当我们在开发内核功能或者验证定位问题时,经常需要模拟各种内核的异常场景,来验证程序的健壮性或加速问题的复现,比如内存分配失败、磁盘IO错误超时等等。Linux内核集成了一个比较实用的功能“Fault-injection”来帮助我们进行故障注入,从而可以构建一些通用的内核异常场景。它能够模拟内存slab分配失败、内存页分配失败、磁盘IO错误、磁盘IO超时、futex锁错误以及专门针对mmc的IO错误,用户也可以利用该机制设计增加自己需要的故障注入。
一、fail_make_request磁盘错误注入验证
# ls /sys/kernel/debug/fail_make_request/
interval probability space task-filter times verbose verbose_ratelimit_burst verbose_ratelimit_interval_ms
interval:间隔
probability:可能性
space:默认值为0,异常余量
案例:
[root@localhost fail_make_request]# echo 100 > probability 设置出现错误的概率
[root@localhost fail_make_request]# echo 10 > times 设置出现错误的次数
#echo 1 > /sys/devices/pci0000:00/0000:00:05.0/virtio0/block/vda/vda1/make-it-fail 制造错误
[root@localhost boot]# dmesg
[ 277.015948] FAULT_INJECTION: forcing a failure.

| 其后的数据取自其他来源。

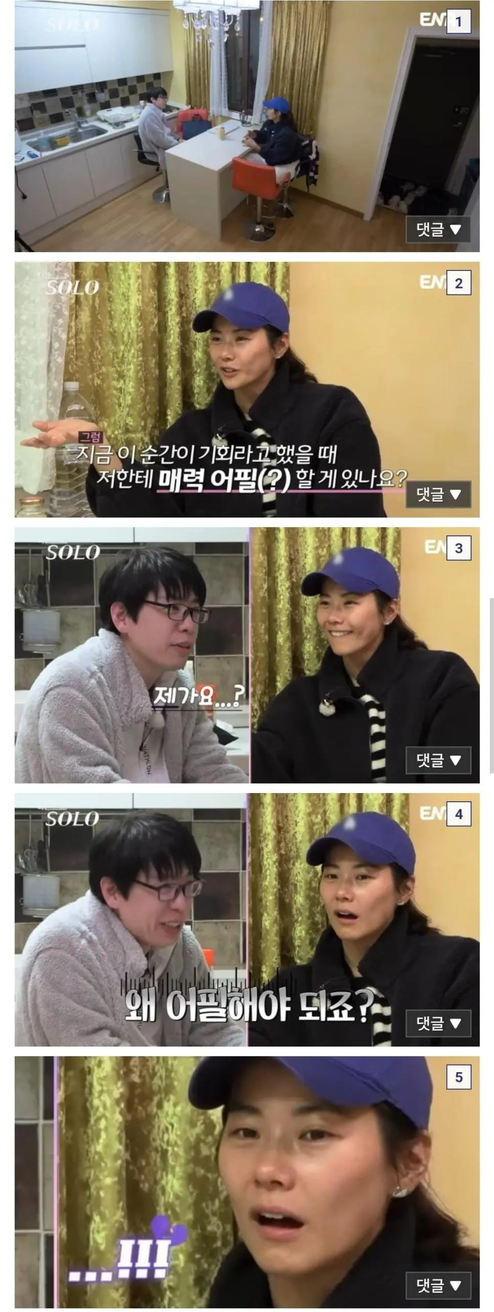 나는 솔로 돌싱편 명장면 작성자 정보 최고관리자 작성일 2025.10.31 16:13 컨텐츠 정보 48 조회 0 댓글 0 추천 0 비추천 목록 저거 전 상황이 여자가 남자한테 먼저 나가서 대화하자고 들이대고는 저러는 상황. 세상 모든 남자들이 자기에게 호감은 있으나 표현을 못 하고 있는 거라고 생각하는 어마어마한 공주병.. 20대 초반이 그러면 귀엽게라도 봐주는데 한번 갔다오신 40살이 이러시면 곤란하다고 봄. 0 추천 추천 비추천 0 비추천 댓글 로그인한 회원만 댓글 등록이 가능합니다. 이전 다음 목록

name fail_make_request, interval 1, probability 100, space 0, times 1
[ 277.015966] CPU: 87 PID: 2645 Comm: ls Kdump: loaded Not tainted 6.1.0-rc6 #4
[ 277.015975] Hardware name: Red Hat KVM, BIOS 0.5.1 01/01/2011
[ 277.015978] Call Trace:
[ 277.016007] <TASK>
[ 277.016013] dump_stack_lvl+0x33/0x46
[ 277.016031] should_fail.cold.7+0x32/0x37
[ 277.016040] submit_bio_noacct+0x35d/0x430
[ 277.016055] _xfs_buf_ioapply+0x256/0x3e0 [xfs]
[ 277.016328] __xfs_buf_submit+0x6f/0x1e0 [xfs]
[ 277.016515] xfs_buf_read_map+0x1b1/0x320 [xfs]
[ 277.016678] ? xfs_imap_to_bp+0x4b/0x70 [xfs]
[ 277.016880] xfs_trans_read_buf_map+0x29d/0x320 [xfs]
[ 277.017132] ? xfs_imap_to_bp+0x4b/0x70 [xfs]
[ 277.017335] xfs_imap_to_bp+0x4b/0x70 [xfs]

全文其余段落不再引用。